** Opening Records provided block **

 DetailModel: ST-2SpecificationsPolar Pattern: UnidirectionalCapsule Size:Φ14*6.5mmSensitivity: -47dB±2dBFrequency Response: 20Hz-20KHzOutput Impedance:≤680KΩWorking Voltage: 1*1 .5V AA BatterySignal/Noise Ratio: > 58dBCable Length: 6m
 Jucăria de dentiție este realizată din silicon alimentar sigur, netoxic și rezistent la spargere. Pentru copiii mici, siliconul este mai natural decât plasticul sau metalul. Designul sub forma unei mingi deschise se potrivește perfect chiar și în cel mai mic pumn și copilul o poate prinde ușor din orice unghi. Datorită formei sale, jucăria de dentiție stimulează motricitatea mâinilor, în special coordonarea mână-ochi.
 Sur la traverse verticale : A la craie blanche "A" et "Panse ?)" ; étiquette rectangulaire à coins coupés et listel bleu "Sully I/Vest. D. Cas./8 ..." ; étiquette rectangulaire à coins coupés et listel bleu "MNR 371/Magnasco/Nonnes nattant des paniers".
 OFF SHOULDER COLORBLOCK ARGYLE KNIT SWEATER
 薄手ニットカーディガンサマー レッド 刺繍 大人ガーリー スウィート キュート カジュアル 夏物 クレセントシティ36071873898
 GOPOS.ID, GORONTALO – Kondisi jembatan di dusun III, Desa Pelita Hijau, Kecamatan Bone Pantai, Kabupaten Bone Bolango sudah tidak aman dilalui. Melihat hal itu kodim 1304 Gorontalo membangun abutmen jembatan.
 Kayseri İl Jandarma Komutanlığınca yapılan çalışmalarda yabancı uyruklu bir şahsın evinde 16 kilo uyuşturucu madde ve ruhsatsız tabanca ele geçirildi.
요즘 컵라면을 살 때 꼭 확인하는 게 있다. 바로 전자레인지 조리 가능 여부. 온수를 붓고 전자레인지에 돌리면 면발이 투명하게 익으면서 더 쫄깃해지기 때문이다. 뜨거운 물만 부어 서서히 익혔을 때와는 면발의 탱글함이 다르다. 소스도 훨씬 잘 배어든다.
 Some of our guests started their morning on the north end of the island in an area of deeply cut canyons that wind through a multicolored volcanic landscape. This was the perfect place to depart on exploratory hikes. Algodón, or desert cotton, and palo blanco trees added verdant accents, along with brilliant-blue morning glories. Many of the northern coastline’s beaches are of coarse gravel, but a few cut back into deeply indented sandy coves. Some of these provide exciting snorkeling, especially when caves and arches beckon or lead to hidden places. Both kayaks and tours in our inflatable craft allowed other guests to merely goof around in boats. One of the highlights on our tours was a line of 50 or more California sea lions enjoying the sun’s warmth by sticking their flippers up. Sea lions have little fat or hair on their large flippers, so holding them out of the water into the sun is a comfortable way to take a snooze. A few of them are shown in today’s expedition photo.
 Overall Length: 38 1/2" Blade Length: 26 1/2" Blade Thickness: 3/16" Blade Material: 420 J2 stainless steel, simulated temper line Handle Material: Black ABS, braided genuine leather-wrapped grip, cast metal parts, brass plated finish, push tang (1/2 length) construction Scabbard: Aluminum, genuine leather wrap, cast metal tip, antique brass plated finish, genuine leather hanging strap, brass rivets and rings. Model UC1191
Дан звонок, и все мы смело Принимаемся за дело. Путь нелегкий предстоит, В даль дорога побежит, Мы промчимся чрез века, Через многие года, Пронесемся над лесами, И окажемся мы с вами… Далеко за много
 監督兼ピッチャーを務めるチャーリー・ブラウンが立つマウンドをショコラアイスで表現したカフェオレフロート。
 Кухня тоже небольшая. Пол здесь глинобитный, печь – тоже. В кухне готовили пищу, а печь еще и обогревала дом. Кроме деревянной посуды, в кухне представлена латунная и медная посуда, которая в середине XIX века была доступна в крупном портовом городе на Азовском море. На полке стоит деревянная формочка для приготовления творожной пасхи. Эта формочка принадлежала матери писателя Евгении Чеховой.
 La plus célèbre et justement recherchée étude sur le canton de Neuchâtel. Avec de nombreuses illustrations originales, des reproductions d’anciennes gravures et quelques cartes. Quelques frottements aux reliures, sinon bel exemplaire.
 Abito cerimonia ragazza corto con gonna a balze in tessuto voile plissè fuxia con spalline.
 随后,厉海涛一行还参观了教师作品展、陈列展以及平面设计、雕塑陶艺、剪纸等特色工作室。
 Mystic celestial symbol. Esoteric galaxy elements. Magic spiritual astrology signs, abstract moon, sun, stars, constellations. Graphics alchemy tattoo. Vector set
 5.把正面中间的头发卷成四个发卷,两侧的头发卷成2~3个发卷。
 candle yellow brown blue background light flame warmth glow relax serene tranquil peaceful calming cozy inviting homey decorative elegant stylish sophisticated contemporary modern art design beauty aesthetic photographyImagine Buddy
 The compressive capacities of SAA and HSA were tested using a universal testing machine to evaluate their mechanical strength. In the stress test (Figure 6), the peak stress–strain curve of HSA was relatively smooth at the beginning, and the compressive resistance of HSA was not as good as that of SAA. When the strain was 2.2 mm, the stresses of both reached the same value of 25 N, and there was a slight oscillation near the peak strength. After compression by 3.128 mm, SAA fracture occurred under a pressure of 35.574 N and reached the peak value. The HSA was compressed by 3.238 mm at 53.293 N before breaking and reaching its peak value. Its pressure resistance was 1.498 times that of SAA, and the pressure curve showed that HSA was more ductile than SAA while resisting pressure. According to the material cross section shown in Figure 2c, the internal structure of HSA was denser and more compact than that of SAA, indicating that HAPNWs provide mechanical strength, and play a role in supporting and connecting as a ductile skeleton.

** Closing Records provided block **

§ Work instructions
Go through the listing above and write out exactly the lines starting with the one holding "監督兼ピッチャーを務めるチャ" and running through the one holding "Abito cerimonia ragazza", ends included, and no others.

§ Answer
 監督兼ピッチャーを務めるチャーリー・ブラウンが立つマウンドをショコラアイスで表現したカフェオレフロート。
 Кухня тоже небольшая. Пол здесь глинобитный, печь – тоже. В кухне готовили пищу, а печь еще и обогревала дом. Кроме деревянной посуды, в кухне представлена латунная и медная посуда, которая в середине XIX века была доступна в крупном портовом городе на Азовском море. На полке стоит деревянная формочка для приготовления творожной пасхи. Эта формочка принадлежала матери писателя Евгении Чеховой.
 La plus célèbre et justement recherchée étude sur le canton de Neuchâtel. Avec de nombreuses illustrations originales, des reproductions d’anciennes gravures et quelques cartes. Quelques frottements aux reliures, sinon bel exemplaire.
 Abito cerimonia ragazza corto con gonna a balze in tessuto voile plissè fuxia con spalline.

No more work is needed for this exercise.